* _To do_
An exact, complete printout of the listing is wanted, minus its images.

* _Excerpted records_

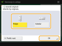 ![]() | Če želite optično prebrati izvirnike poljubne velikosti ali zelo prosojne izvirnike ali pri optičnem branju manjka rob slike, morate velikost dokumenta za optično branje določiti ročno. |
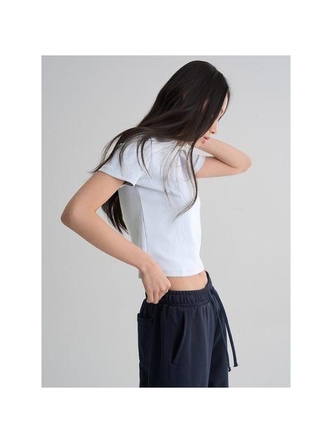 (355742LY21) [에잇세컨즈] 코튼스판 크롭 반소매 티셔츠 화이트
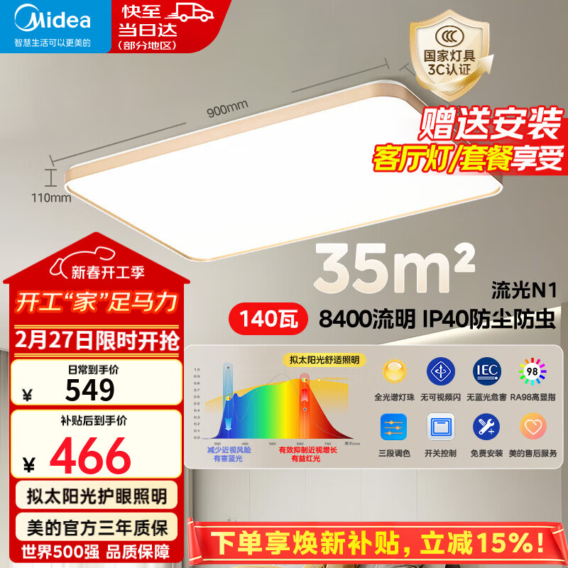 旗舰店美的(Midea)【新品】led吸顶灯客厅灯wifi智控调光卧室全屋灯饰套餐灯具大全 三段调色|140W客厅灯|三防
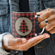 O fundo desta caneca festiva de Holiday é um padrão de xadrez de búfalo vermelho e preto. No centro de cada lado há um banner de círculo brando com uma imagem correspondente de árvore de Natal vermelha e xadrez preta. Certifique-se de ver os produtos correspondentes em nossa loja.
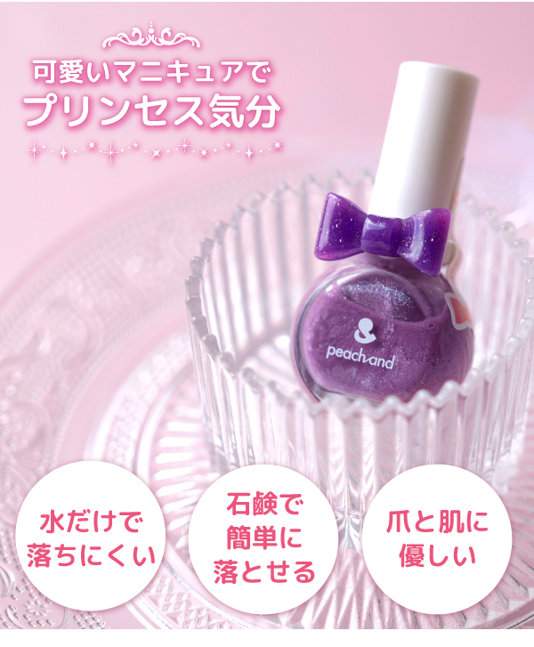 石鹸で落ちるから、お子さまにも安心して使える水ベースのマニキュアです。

* _Response for this exercise_
 ![]() | Če želite optično prebrati izvirnike poljubne velikosti ali zelo prosojne izvirnike ali pri optičnem branju manjka rob slike, morate velikost dokumenta za optično branje določiti ročno. |
 (355742LY21) [에잇세컨즈] 코튼스판 크롭 반소매 티셔츠 화이트
 旗舰店美的(Midea)【新品】led吸顶灯客厅灯wifi智控调光卧室全屋灯饰套餐灯具大全 三段调色|140W客厅灯|三防
 O fundo desta caneca festiva de Holiday é um padrão de xadrez de búfalo vermelho e preto. No centro de cada lado há um banner de círculo brando com uma imagem correspondente de árvore de Natal vermelha e xadrez preta. Certifique-se de ver os produtos correspondentes em nossa loja.
 石鹸で落ちるから、お子さまにも安心して使える水ベースのマニキュアです。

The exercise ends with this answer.